== Material shown ==

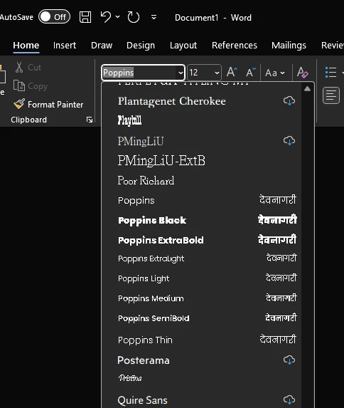 Uninstall, downloaded Poppins font online, installed in Windows itself > then Premiere Pro does not see ány font.
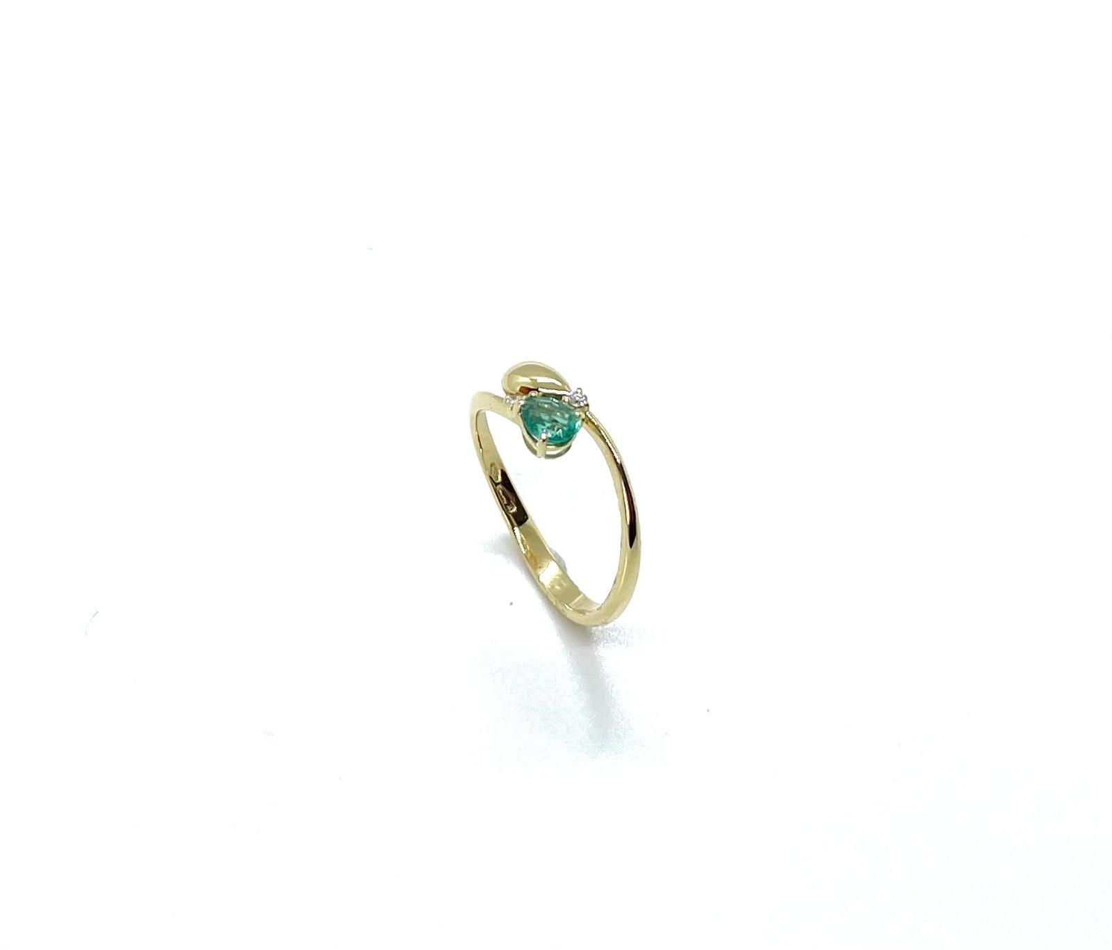 La peça està protagonitzada per una maragda natural talla pera de 0,30 ct, el seu intens color verd aporta frescor i sofisticació. La maragda s’acompanya de diamants naturals talla brillant amb un pes total de 0,02 ct, que afegeixen un subtil punt de llum i realcen el protagonisme de la gemma central.
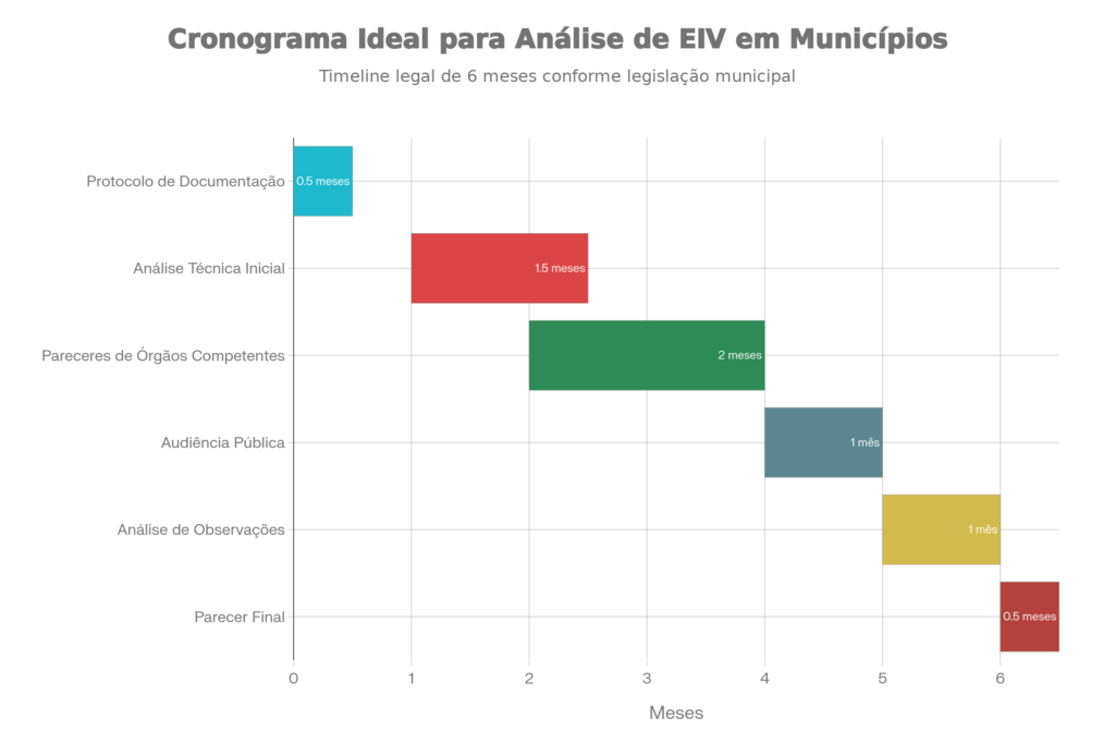 Timeline padrão para análise de Estudo de Impacto de Vizinhança conforme legislação municipal, demonstrando que 6 meses é prazo adequado e viável para conclusão completa
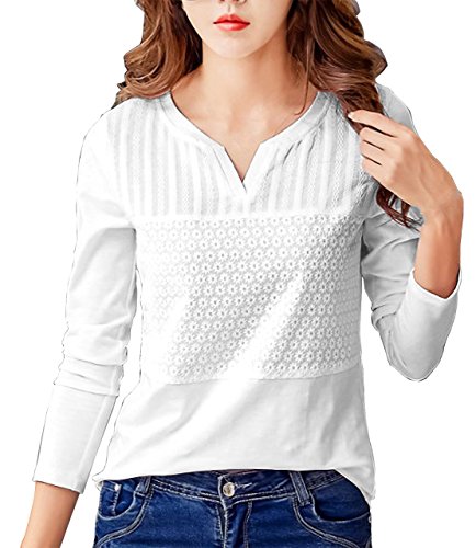 (ル・セリジエ) レディース 長袖 カットソー 花 柄 きれいめ ロング Tシャツ Vネック ライン オフィス カジュアル (ホワイトXL)
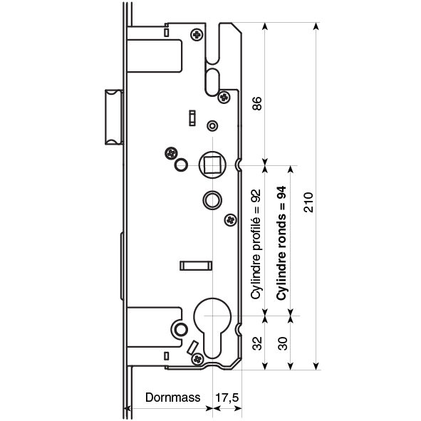 couleur argent, avec rouleau à galet (RS), largeur de la têtière 16 mm, avec pêne dormant, distance de sotie du pêne 17.5 mm, hauteur du boîtier de serrure 210 mm, Epaisseur du boîtier de serrure 16 mm, distance de découpe du cylindre rond 94 mm, Hauteur de la poignée 800 - 1000 mm, longueur de la têtière 1960 mm, le loquet peut être changé de droite à gauche
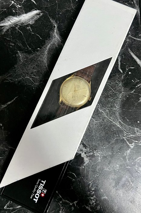 Tissot heren oud polshorloge - jaren 50 ref. nummer: 6719-3 groot formaat Tissot 15 steens handopwind uurwerk, cal. 27-T kleine seconde in goed werkende staat rosévergulde kast diameter: 39 mm zonder kroon, 8,7 mm dik inc. kristallen band/armband: goede staat echt lederen band en geschikt voor polsomtrek tot 23 cm conditie: goede staat, vertoont over het algemeen gebruikssporen, in goede staat (houd er rekening mee dat alle foto's een hoge resolutie hebben en imperfecties op foto's groter lijken dan ze zijn eigenlijk) doos beschikbaar. Het wordt verzonden in een vintage doos. Verzending zal op de snelste manier naar de hele wereld worden verzorgd met UPS-vracht.
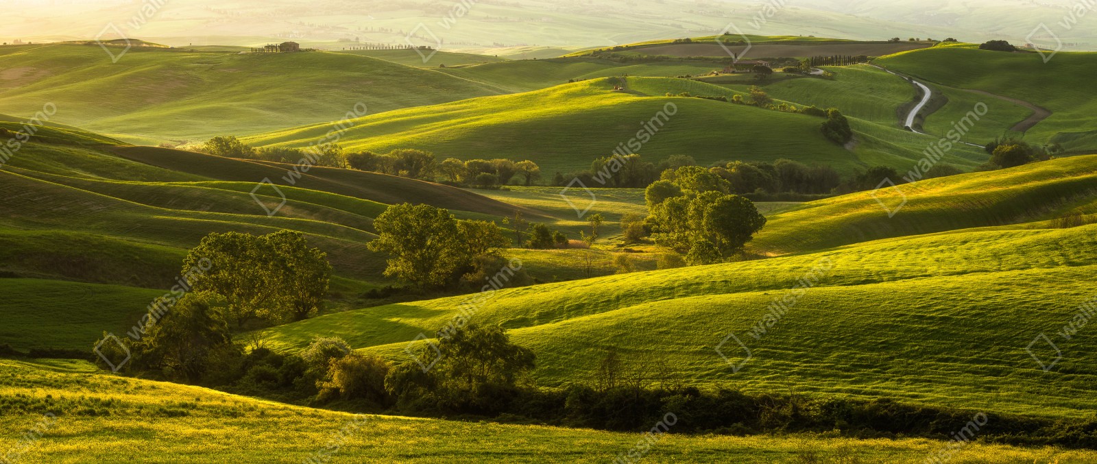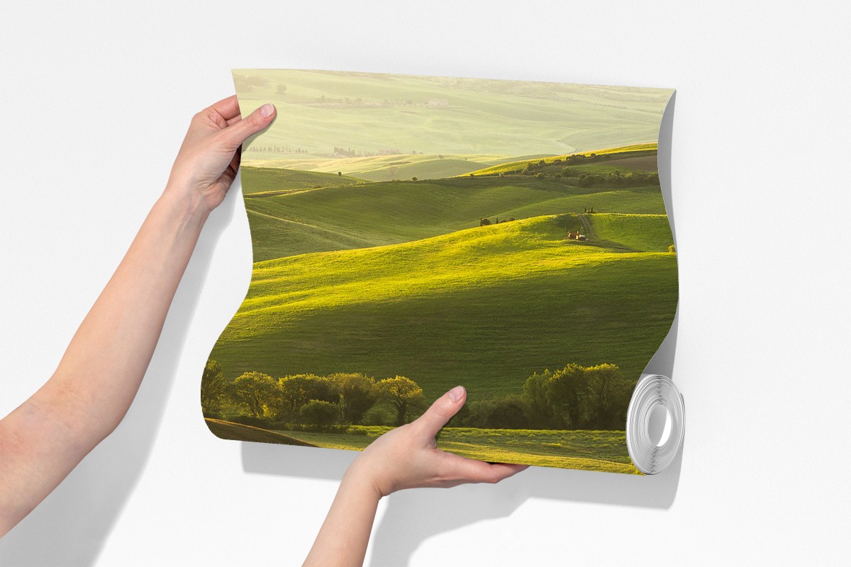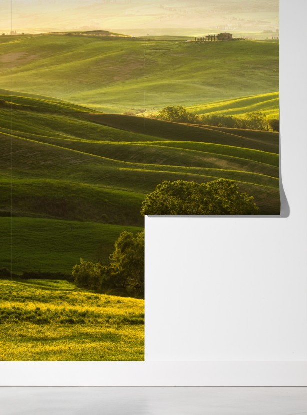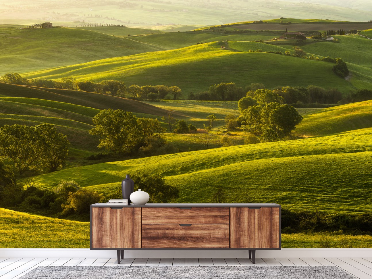 Bringen Sie Ruhe in Ihren Raum mit grünen Hügeln im Sonnenlicht, die in lebendigen Farben eingefangen wurden und als beruhigender Blickfang dienen.

===

* _Try it_: No pictures belong in the copy; quote exactly the lines from the line containing "(ル・セリジエ) レディース 長袖" through the final line of the material, both ends included.

* _Response area_:
 (ル・セリジエ) レディース 長袖 カットソー 花 柄 きれいめ ロング Tシャツ Vネック ライン オフィス カジュアル (ホワイトXL)
 couleur argent, avec rouleau à galet (RS), largeur de la têtière 16 mm, avec pêne dormant, distance de sotie du pêne 17.5 mm, hauteur du boîtier de serrure 210 mm, Epaisseur du boîtier de serrure 16 mm, distance de découpe du cylindre rond 94 mm, Hauteur de la poignée 800 - 1000 mm, longueur de la têtière 1960 mm, le loquet peut être changé de droite à gauche
 Tissot heren oud polshorloge - jaren 50 ref. nummer: 6719-3 groot formaat Tissot 15 steens handopwind uurwerk, cal. 27-T kleine seconde in goed werkende staat rosévergulde kast diameter: 39 mm zonder kroon, 8,7 mm dik inc. kristallen band/armband: goede staat echt lederen band en geschikt voor polsomtrek tot 23 cm conditie: goede staat, vertoont over het algemeen gebruikssporen, in goede staat (houd er rekening mee dat alle foto's een hoge resolutie hebben en imperfecties op foto's groter lijken dan ze zijn eigenlijk) doos beschikbaar. Het wordt verzonden in een vintage doos. Verzending zal op de snelste manier naar de hele wereld worden verzorgd met UPS-vracht.
 Bringen Sie Ruhe in Ihren Raum mit grünen Hügeln im Sonnenlicht, die in lebendigen Farben eingefangen wurden und als beruhigender Blickfang dienen.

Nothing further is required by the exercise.